5. Clear table boundaries and ranges

Tables must have clear, unambiguous boundaries to ensure both people and automated tools can reliably identify where a table begins and ends - preventing accidental data merges or omissions.

  • Use Excel’s native Insert Table feature to formally define your table’s region.

  • Always leave at least one full empty row and column between tables if more than one exists on a sheet.

  • Never place tables directly adjacent or with only a single blank cell as a separator.

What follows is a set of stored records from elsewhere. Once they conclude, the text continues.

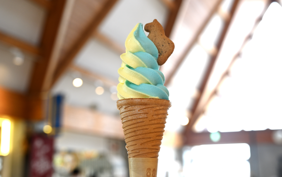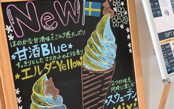 どのようなソフトクリームにするか。アイデアはスタッフの間から飛び出しました。「弊社は社長を除く全スタッフが女性で、思いついたことを気軽に言い合える雰囲気があります。北欧をテーマにした道の駅だからスウェーデン国旗の色にしようという提案が出ると、インパクトがあっていいねとみんなが賛同し、そこからは何を使ってどんな味にするか、わいわいと意見を出し合いました。」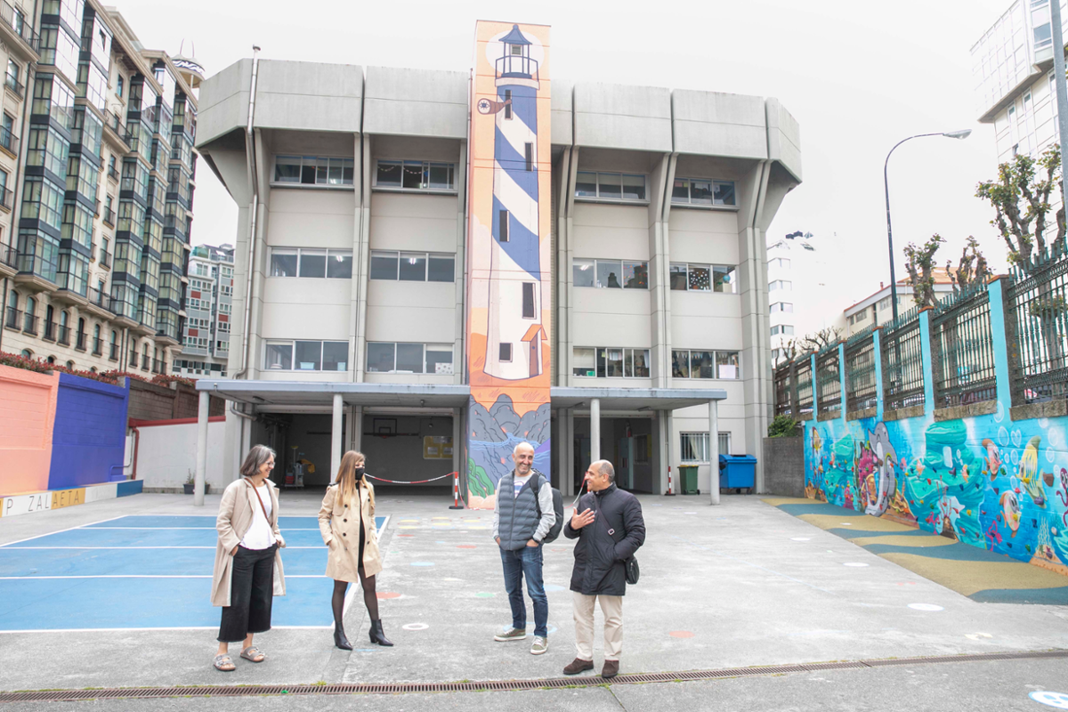 Neste sentido, o Goberno municipal de Inés Rey promoveu o pintado dun mural de temática mariña relacionado cos faros, dando continuidade a intervencións previas executadas no patio do CEIP Zalaeta para fomentar a creatividade entre os máis pequenos, así como os xogos e a relación do alumnado coa natureza.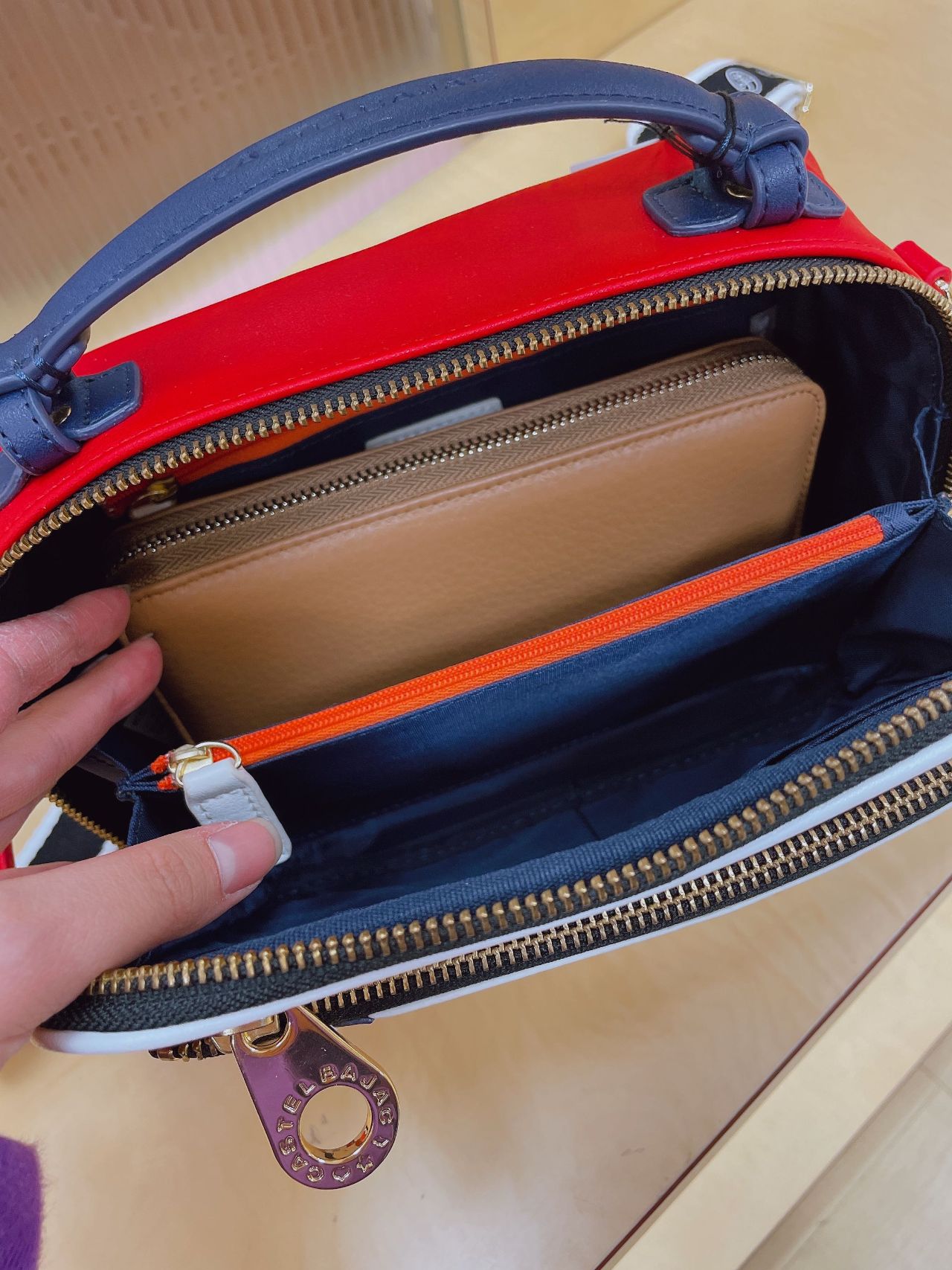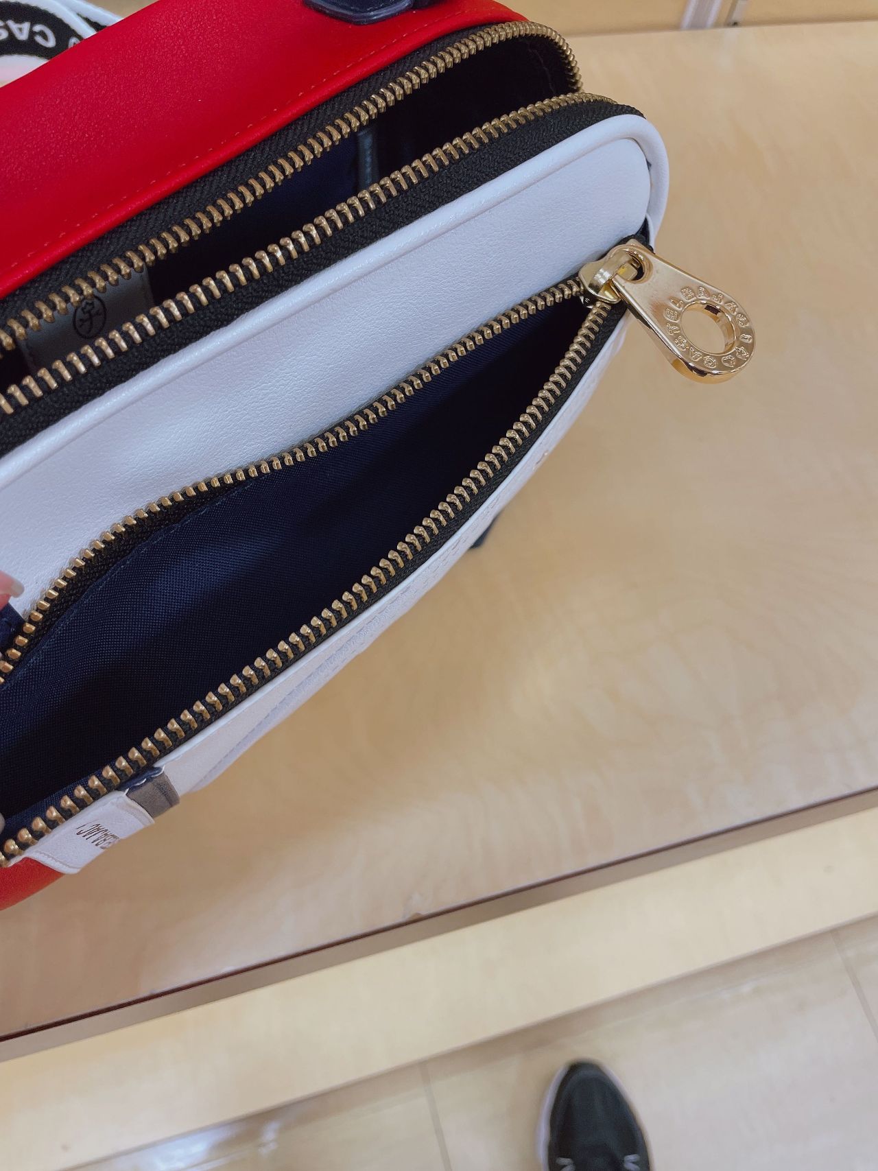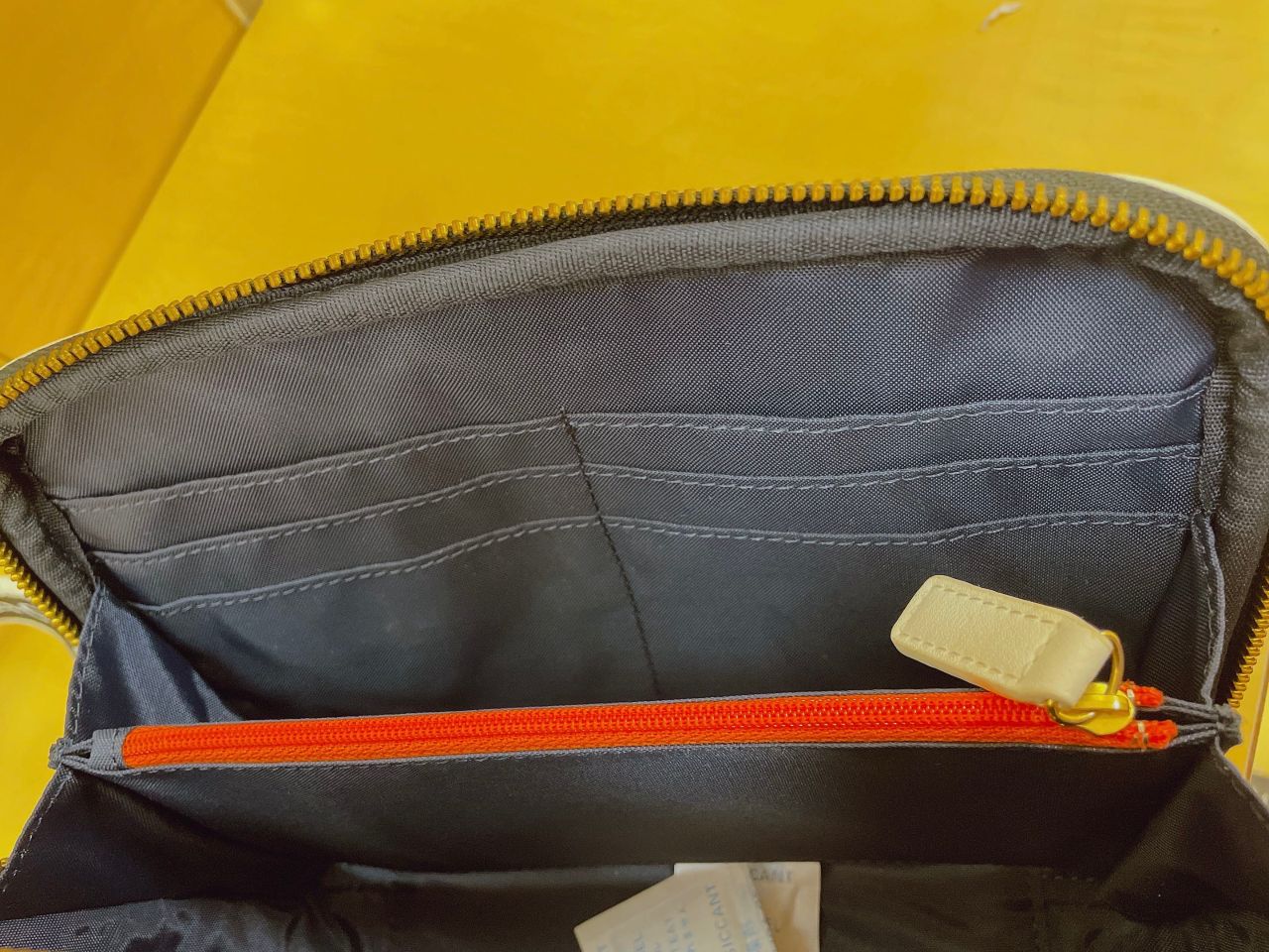 中にもチャックがついていますし、外側にもついているのでスマホなど入れていただけます!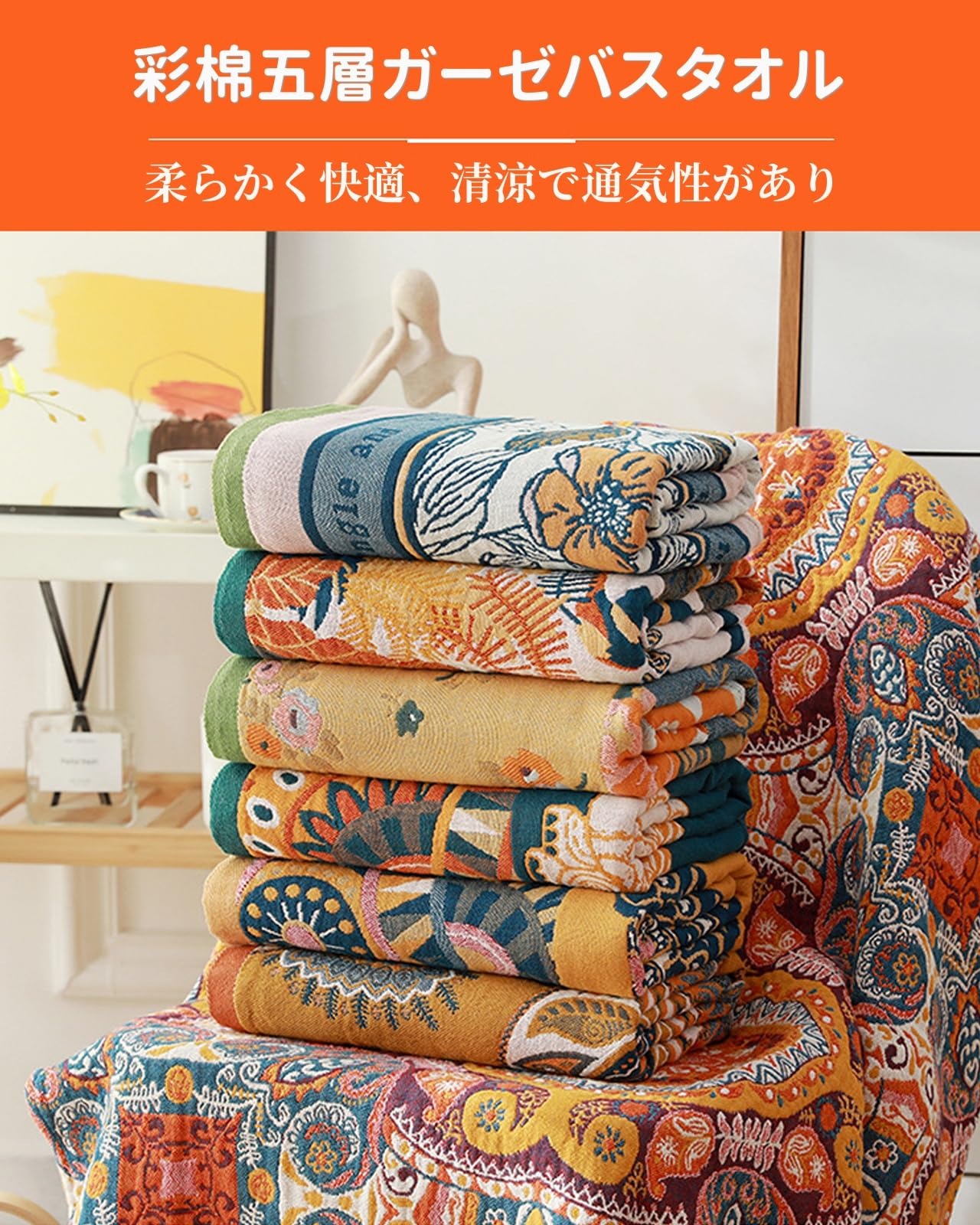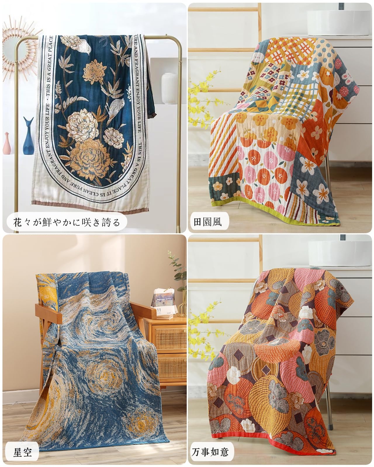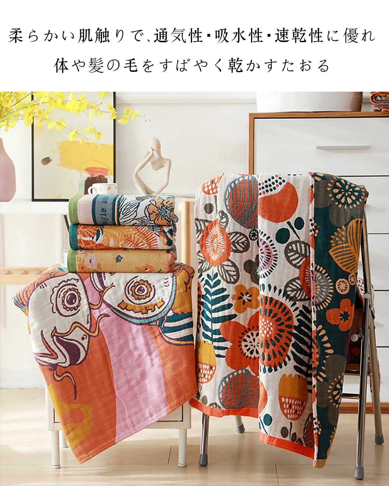 【超実用性&贈り物に最適】ガーゼ バスタオルは、家庭用、温泉、旅行、プールなど様々な場面で使えるだけでなく、ソファー、オフィス、ベッド、車内での使用にも適しています。多様な色とパターンのデザインがあり、同僚、上司、顧客への理想的なプレゼントとなりますし、祝い事や祭りのギフトとしても最適です。

  • Remove stray or floating data from outside your main table.

  • Use:

    • Sheet1 → Table 1

    • Sheet2 → Table 2

  • Don’t: Place two unrelated tables in the same worksheet or stack one beneath the other.

6. Summarised and contextualised, not raw data dumps

Clean, summarised data - with only the columns needed for the intended analysis - is more effective and less likely to cause errors or confusion.

  • Use: Only columns that are required, with human-readable values and summarised where appropriate (e.g. monthly totals instead of individual transactions, unless all are required).

  • Don’t: Export all system columns, cryptic flags, or intermediate calculations unless they’re necessary.

7. Consistent, precise units and column definitions

Columns like Units, Volume, or Value are too vague. Always specify what the measure is - are “units” the number of sales, items in stock, or something else? Are “volumes” litres, tonnes, or boxes?

  • Use: Quantity Sold (units), Revenue ($NZD), Order Volume (litres)

  • Don’t: Units, Volume, Value, Amount

8. Consistent data types

Columns should contain only one data type: all numbers, all text, or all dates. Avoid mixing numbers with units (5kg, 10), or text with numbers (Paid, 12, Pending). Use ISO date formats for clarity.

  • Use: 2025-06-30 for dates, 23.5 for numbers, and In Stock or Out of Stock for status.

  • Don’t: 30th June, twenty, 12kg

9. Use ISO dates and handle missing data consistently

Consistent date formats and missing value codes reduce ambiguity and improve parsing reliability. Dates should use the format YYYY-MM-DD and missing data should be either blank or marked as NA, never as “-”, “.”, or other placeholders.

10. Simple Formatting

AI tools ignore formatting and need all context to be present in the plain text or column structure.

  • Use: Plain, unmerged, unhidden rows and columns.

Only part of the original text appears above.